Problem to solve
Scan the records below for the line with "Son approche empathique" and the line with "Tarjetas de invitación", and retype that range exactly, both ends included, pictures excepted.

Supplied records
=== Section Start ===

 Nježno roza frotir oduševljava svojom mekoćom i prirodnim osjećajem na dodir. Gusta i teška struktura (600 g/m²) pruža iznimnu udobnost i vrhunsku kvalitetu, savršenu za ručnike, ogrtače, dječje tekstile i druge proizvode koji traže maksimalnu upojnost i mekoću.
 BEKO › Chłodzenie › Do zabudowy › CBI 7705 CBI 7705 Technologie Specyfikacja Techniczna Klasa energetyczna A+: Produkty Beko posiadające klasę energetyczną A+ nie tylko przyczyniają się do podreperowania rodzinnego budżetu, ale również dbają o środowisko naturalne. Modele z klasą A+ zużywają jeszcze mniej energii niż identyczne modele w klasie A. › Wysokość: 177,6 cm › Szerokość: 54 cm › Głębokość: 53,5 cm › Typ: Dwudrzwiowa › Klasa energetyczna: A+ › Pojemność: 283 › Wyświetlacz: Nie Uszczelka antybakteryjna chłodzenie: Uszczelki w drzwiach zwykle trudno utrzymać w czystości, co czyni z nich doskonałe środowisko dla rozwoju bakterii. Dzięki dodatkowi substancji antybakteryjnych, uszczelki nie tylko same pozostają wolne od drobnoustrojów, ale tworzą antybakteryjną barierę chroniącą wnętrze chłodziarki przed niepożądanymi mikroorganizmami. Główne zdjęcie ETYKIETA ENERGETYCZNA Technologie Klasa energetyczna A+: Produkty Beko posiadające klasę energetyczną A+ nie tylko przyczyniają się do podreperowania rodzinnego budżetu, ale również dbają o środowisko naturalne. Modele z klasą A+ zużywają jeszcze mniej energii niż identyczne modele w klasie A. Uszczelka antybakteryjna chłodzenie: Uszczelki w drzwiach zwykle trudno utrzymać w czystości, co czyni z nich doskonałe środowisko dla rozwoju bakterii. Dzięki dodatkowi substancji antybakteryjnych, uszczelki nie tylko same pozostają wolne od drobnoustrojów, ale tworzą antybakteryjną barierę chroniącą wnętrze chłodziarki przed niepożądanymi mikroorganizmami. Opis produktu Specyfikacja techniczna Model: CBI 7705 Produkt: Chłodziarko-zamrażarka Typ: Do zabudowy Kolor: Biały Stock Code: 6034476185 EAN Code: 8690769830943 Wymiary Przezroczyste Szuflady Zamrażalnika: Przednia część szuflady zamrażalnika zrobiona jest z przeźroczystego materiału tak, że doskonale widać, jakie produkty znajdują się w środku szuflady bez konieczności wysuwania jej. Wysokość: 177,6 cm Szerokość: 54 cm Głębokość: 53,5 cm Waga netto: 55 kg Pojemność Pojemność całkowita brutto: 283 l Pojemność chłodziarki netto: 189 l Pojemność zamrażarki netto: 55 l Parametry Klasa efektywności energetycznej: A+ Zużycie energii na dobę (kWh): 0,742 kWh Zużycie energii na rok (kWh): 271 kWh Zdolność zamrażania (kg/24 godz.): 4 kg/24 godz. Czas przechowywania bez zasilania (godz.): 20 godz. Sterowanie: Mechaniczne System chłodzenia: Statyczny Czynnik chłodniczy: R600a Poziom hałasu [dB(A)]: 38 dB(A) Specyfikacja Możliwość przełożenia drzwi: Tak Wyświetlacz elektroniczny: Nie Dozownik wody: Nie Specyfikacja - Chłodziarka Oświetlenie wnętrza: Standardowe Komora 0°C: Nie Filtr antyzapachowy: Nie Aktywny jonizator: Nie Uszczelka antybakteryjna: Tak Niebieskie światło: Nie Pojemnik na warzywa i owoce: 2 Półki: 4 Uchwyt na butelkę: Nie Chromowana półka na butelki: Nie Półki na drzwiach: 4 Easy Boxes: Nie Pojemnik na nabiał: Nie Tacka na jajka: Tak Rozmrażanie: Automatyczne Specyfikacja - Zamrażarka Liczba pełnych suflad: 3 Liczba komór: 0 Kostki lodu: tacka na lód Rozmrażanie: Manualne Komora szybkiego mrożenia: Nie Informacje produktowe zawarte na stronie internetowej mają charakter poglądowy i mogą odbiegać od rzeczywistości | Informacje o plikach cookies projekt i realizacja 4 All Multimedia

=== Section End ===
=== Section Start ===

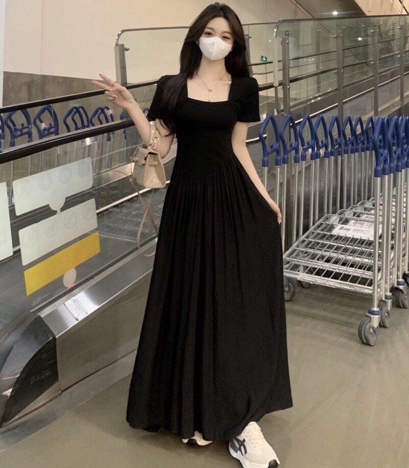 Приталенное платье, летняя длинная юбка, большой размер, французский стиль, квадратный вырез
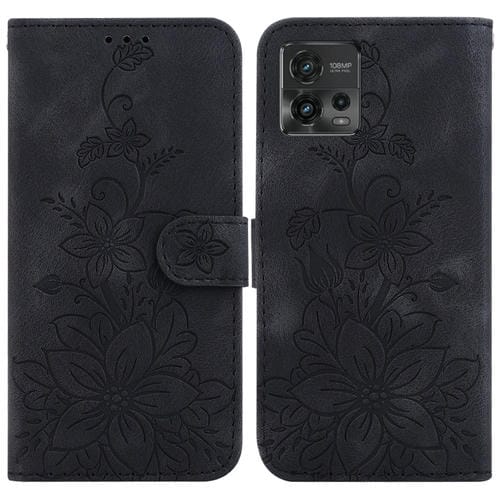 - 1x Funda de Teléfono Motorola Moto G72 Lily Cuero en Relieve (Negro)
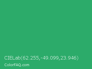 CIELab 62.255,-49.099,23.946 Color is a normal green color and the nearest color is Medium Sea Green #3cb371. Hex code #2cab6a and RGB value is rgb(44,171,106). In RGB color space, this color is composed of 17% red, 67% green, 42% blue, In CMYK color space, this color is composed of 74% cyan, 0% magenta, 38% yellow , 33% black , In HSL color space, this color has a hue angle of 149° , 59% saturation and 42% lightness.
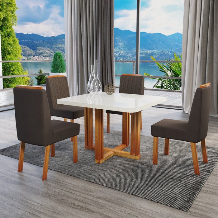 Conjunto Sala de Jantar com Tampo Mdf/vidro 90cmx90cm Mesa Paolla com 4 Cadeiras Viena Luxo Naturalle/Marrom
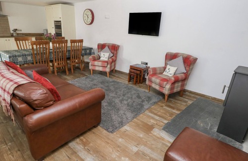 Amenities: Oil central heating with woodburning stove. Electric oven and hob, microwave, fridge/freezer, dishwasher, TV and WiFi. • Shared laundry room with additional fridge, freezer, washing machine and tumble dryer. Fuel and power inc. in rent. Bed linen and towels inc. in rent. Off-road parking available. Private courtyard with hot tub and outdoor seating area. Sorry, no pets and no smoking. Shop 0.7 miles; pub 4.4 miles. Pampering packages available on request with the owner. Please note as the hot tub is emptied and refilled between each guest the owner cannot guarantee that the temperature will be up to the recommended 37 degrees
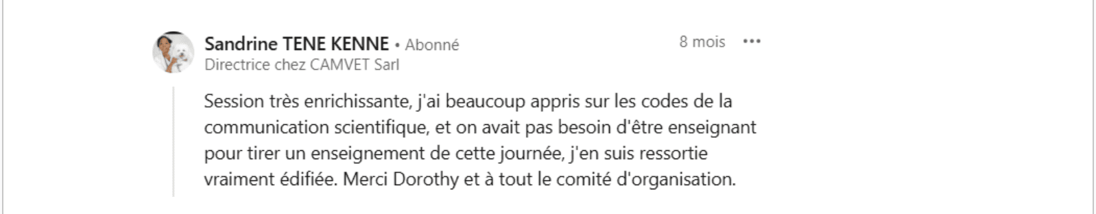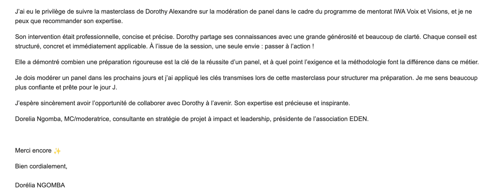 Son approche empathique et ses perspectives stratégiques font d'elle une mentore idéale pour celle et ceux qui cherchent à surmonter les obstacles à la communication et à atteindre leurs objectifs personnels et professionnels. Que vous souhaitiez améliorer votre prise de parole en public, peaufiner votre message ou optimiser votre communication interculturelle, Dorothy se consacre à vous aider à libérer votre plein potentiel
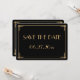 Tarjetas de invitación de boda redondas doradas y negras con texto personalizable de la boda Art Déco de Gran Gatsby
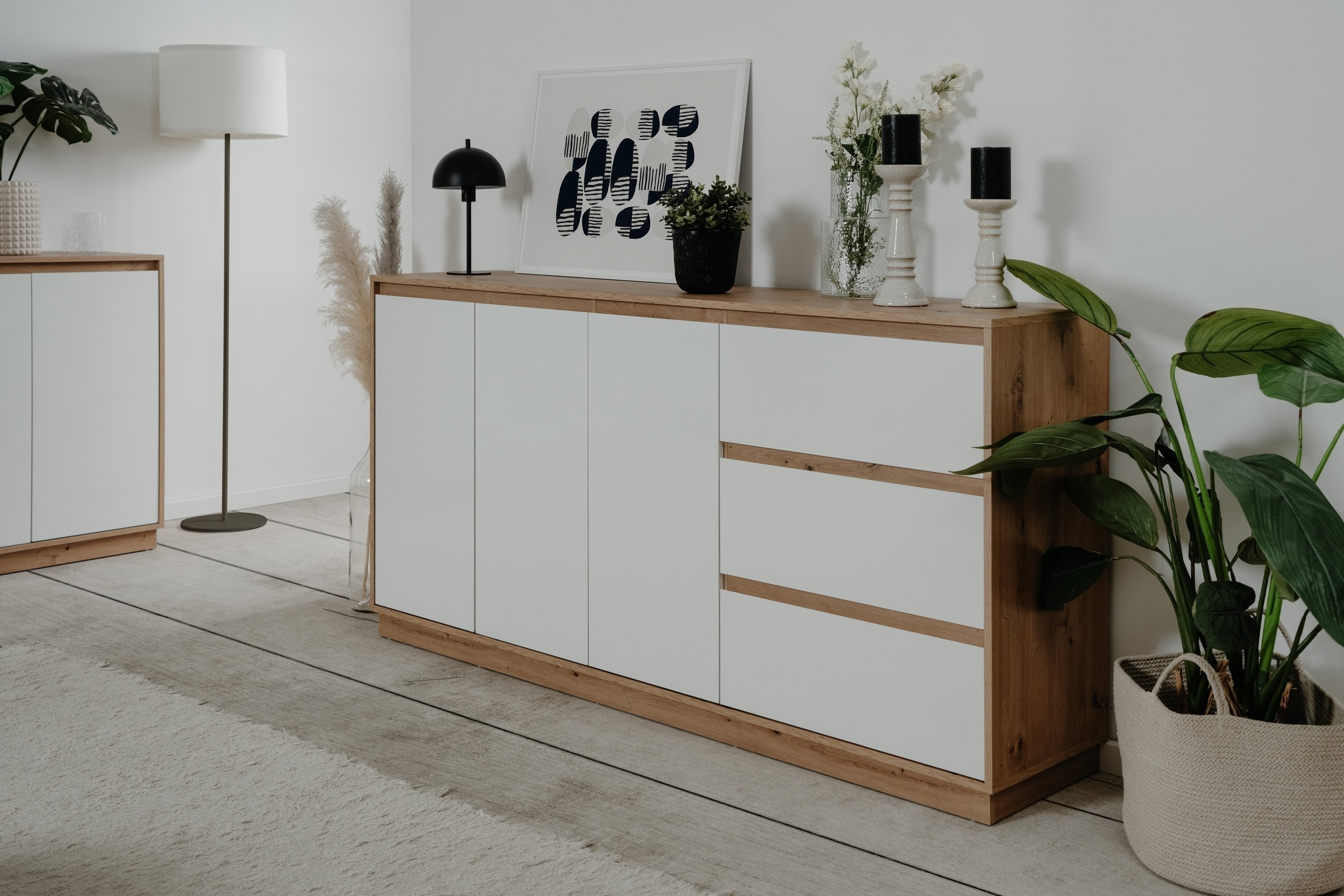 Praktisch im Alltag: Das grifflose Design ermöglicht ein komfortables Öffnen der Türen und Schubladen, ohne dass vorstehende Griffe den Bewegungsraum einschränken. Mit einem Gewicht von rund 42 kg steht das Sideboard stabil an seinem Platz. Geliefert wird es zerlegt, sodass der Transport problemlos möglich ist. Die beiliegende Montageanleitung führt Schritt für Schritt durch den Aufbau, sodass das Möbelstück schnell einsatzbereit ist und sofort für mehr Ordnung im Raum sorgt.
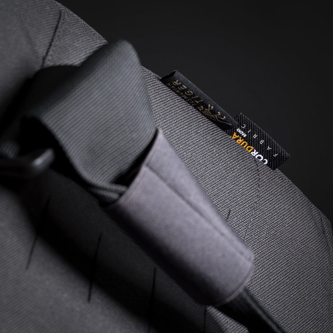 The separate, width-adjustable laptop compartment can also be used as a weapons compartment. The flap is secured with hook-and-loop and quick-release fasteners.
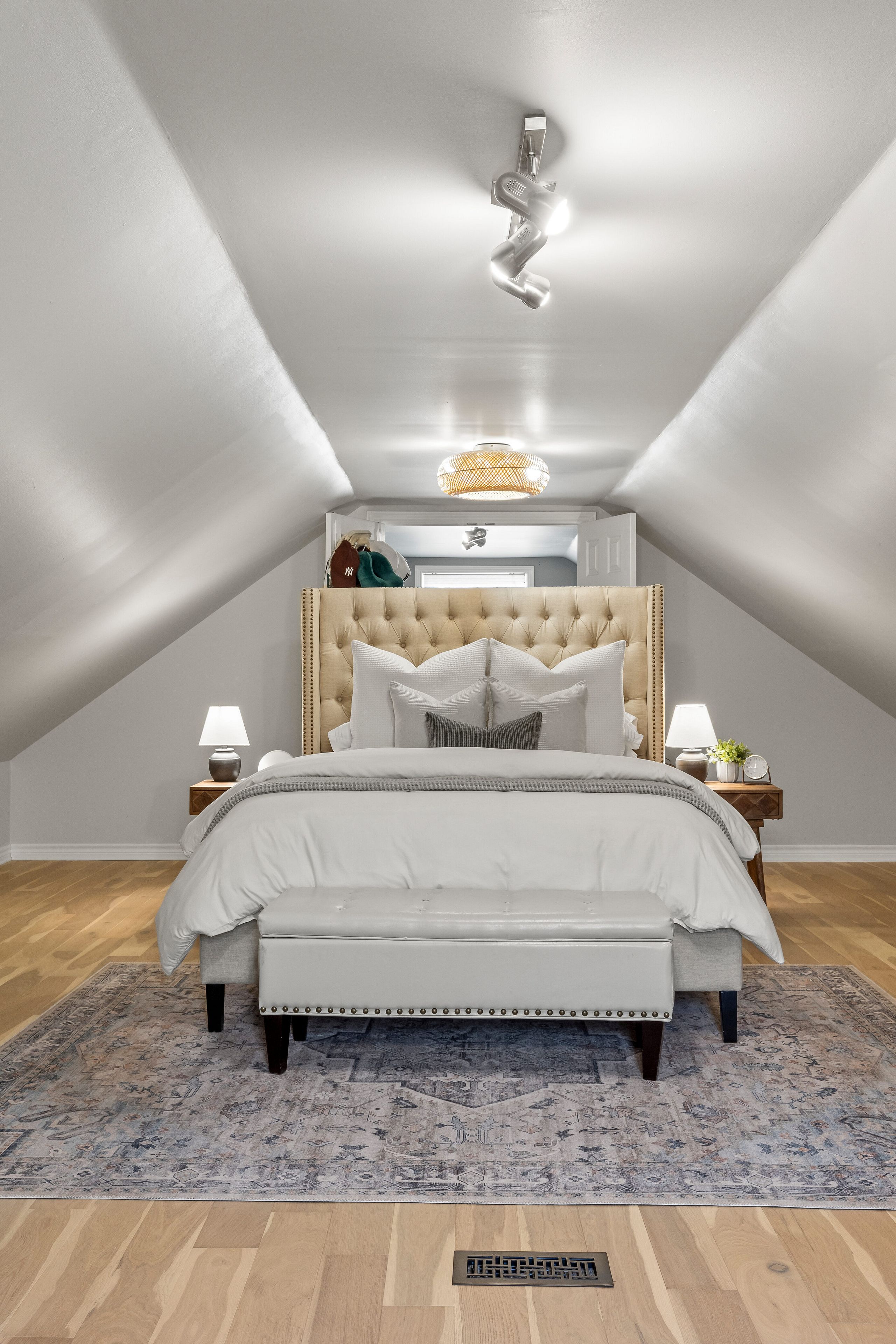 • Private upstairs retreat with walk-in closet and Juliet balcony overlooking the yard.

=== Section End ===

Task result
 Son approche empathique et ses perspectives stratégiques font d'elle une mentore idéale pour celle et ceux qui cherchent à surmonter les obstacles à la communication et à atteindre leurs objectifs personnels et professionnels. Que vous souhaitiez améliorer votre prise de parole en public, peaufiner votre message ou optimiser votre communication interculturelle, Dorothy se consacre à vous aider à libérer votre plein potentiel
 Tarjetas de invitación de boda redondas doradas y negras con texto personalizable de la boda Art Déco de Gran Gatsby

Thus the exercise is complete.